DATA EXTRACT =

━━━━━━━━━━━━━━━━━━━━━━━━━━━━━━

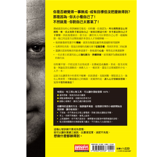 挪威最頂尖的心智訓練師艾瑞克.伯特蘭.拉森認為,所有挑戰都是心智挑戰,唯一真正的對手都是你自己。如果目標達不到,多半都是對自己手下留情,因此他發展出一套方法,讓任何人可以掌控自己心智、超越極限,他已用這套方法幫助過許多頂尖人才突破障礙──
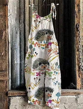 Dámský overal s květinovým potiskem, bez rukávů, výstřih do U, imitace bavlny, len, denní street, regular střih, černá, bílá, žlutá, léto
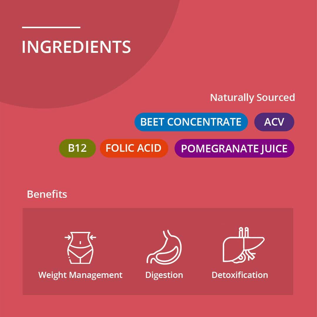 - These amazingly sweet gummies give you the great taste of fresh apples. You now get the power of raw Apple Cider Vinegar with the mother and enriched with Folate, Vitamin B12, Beetroot and Pomegranate juices all of which help with digestion and detox, and give your body the immunity boost it deserves.
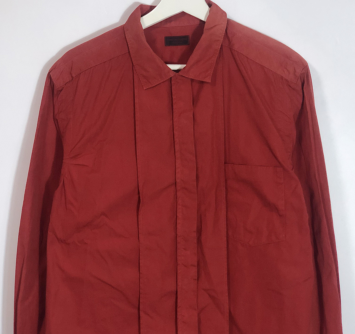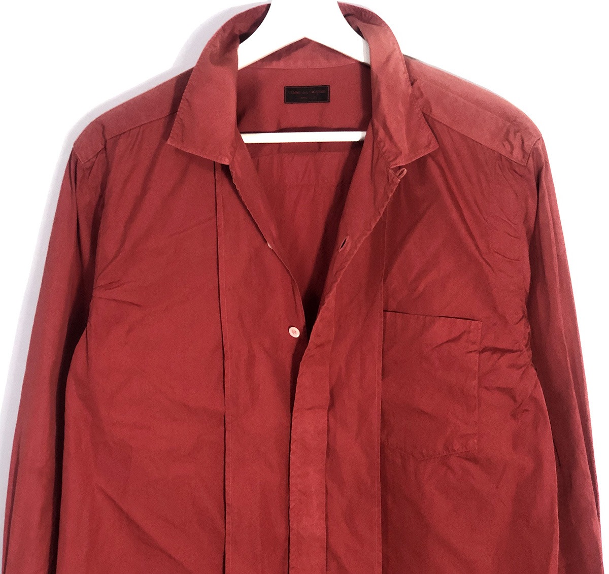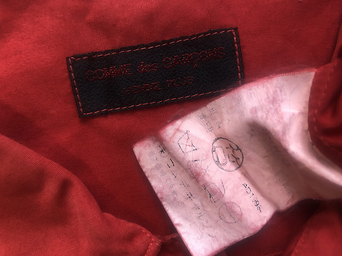 This is a rare vintage■1996 Spring/Summer mod-era Comme des Garons Homme Plus dress shirt with a garment-dyed design and chin strap.

━━━━━━━━━━━━━━━━━━━━━━━━━━━━━━

DIRECTIONS FOR THIS TASK =
Copying starts at the line containing "Dámský overal s" and ends at the last line of the material above; repeat only those lines exactly and omit the pictures.

ANSWER TO THIS PROBLEM =
 Dámský overal s květinovým potiskem, bez rukávů, výstřih do U, imitace bavlny, len, denní street, regular střih, černá, bílá, žlutá, léto
 - These amazingly sweet gummies give you the great taste of fresh apples. You now get the power of raw Apple Cider Vinegar with the mother and enriched with Folate, Vitamin B12, Beetroot and Pomegranate juices all of which help with digestion and detox, and give your body the immunity boost it deserves.
 This is a rare vintage■1996 Spring/Summer mod-era Comme des Garons Homme Plus dress shirt with a garment-dyed design and chin strap.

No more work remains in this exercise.